*** Block opens ***
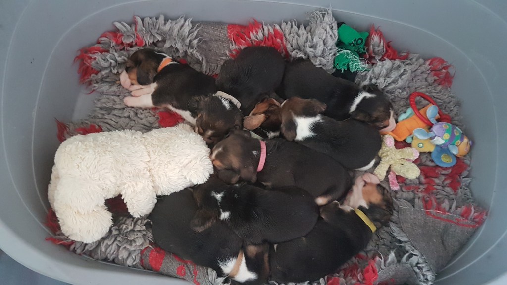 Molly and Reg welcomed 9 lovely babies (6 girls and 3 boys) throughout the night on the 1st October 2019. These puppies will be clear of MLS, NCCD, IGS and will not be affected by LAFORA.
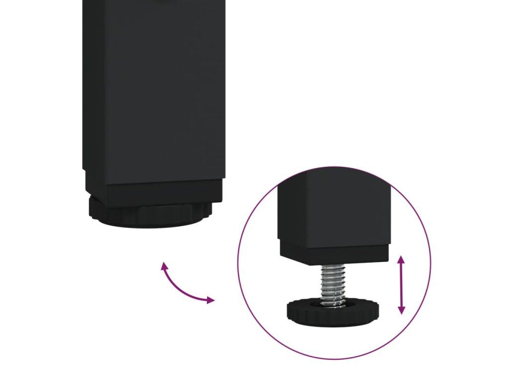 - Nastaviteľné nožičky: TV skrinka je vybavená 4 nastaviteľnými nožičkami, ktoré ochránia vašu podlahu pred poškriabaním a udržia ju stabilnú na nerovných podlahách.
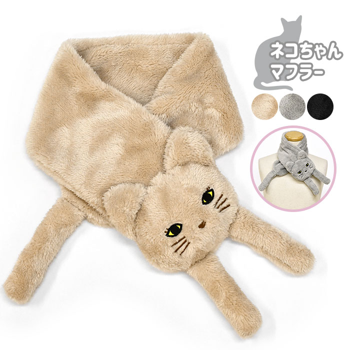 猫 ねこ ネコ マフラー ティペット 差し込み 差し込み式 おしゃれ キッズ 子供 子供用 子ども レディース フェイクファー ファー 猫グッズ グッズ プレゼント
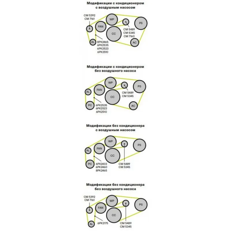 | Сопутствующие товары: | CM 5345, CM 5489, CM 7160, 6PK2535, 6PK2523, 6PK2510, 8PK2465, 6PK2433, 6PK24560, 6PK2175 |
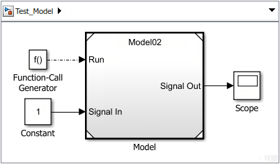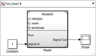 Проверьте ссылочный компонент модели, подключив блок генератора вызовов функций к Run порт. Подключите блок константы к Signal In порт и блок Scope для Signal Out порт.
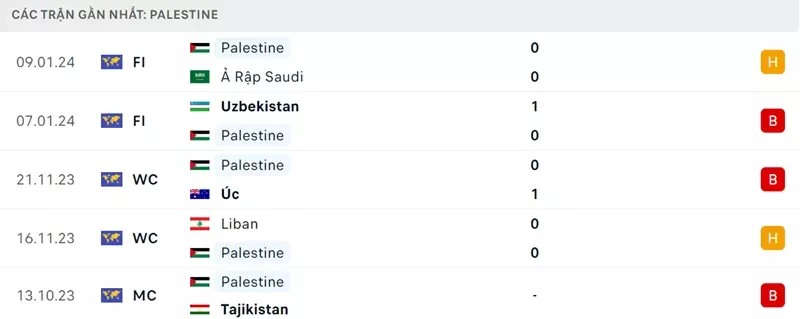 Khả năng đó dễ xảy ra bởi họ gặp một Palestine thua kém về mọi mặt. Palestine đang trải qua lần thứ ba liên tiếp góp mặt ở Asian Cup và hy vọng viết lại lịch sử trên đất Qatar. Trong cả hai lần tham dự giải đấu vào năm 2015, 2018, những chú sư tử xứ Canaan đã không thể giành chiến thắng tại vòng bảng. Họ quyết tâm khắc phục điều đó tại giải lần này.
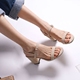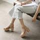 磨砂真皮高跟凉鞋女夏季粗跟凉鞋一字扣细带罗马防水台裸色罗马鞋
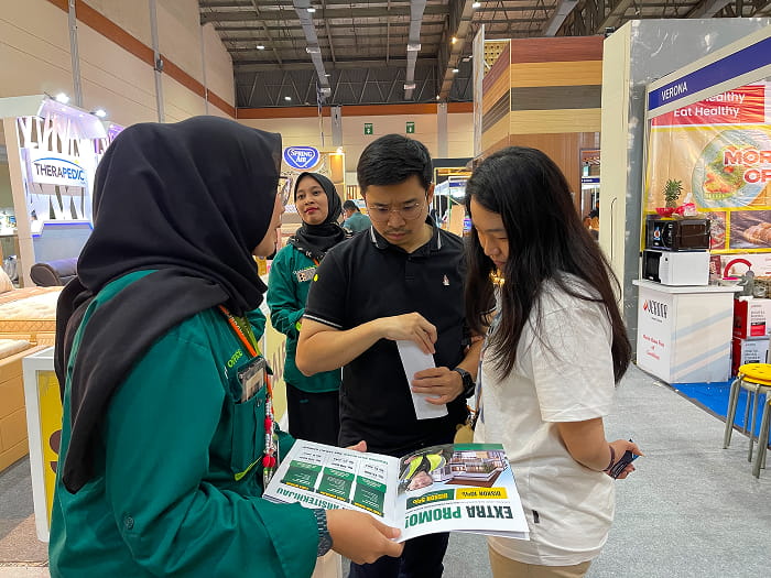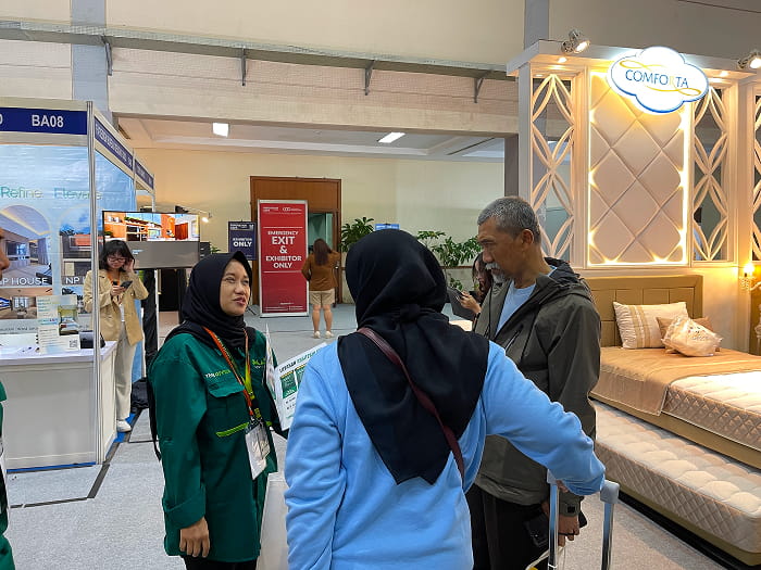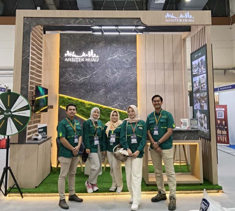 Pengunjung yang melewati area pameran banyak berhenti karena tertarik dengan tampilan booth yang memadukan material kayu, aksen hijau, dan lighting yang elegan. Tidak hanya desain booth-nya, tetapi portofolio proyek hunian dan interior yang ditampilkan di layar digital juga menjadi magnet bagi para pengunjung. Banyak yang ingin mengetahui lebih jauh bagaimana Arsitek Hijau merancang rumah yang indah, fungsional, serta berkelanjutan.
*** Block closes ***
◆ Task statement:
The complete material, set down exactly and stripped of pictures, is the expected response.

◆ Exercise answer:
 Molly and Reg welcomed 9 lovely babies (6 girls and 3 boys) throughout the night on the 1st October 2019. These puppies will be clear of MLS, NCCD, IGS and will not be affected by LAFORA.
 - Nastaviteľné nožičky: TV skrinka je vybavená 4 nastaviteľnými nožičkami, ktoré ochránia vašu podlahu pred poškriabaním a udržia ju stabilnú na nerovných podlahách.
 猫 ねこ ネコ マフラー ティペット 差し込み 差し込み式 おしゃれ キッズ 子供 子供用 子ども レディース フェイクファー ファー 猫グッズ グッズ プレゼント
 | Сопутствующие товары: | CM 5345, CM 5489, CM 7160, 6PK2535, 6PK2523, 6PK2510, 8PK2465, 6PK2433, 6PK24560, 6PK2175 |
 Проверьте ссылочный компонент модели, подключив блок генератора вызовов функций к Run порт. Подключите блок константы к Signal In порт и блок Scope для Signal Out порт.
 Khả năng đó dễ xảy ra bởi họ gặp một Palestine thua kém về mọi mặt. Palestine đang trải qua lần thứ ba liên tiếp góp mặt ở Asian Cup và hy vọng viết lại lịch sử trên đất Qatar. Trong cả hai lần tham dự giải đấu vào năm 2015, 2018, những chú sư tử xứ Canaan đã không thể giành chiến thắng tại vòng bảng. Họ quyết tâm khắc phục điều đó tại giải lần này.
 磨砂真皮高跟凉鞋女夏季粗跟凉鞋一字扣细带罗马防水台裸色罗马鞋
 Pengunjung yang melewati area pameran banyak berhenti karena tertarik dengan tampilan booth yang memadukan material kayu, aksen hijau, dan lighting yang elegan. Tidak hanya desain booth-nya, tetapi portofolio proyek hunian dan interior yang ditampilkan di layar digital juga menjadi magnet bagi para pengunjung. Banyak yang ingin mengetahui lebih jauh bagaimana Arsitek Hijau merancang rumah yang indah, fungsional, serta berkelanjutan.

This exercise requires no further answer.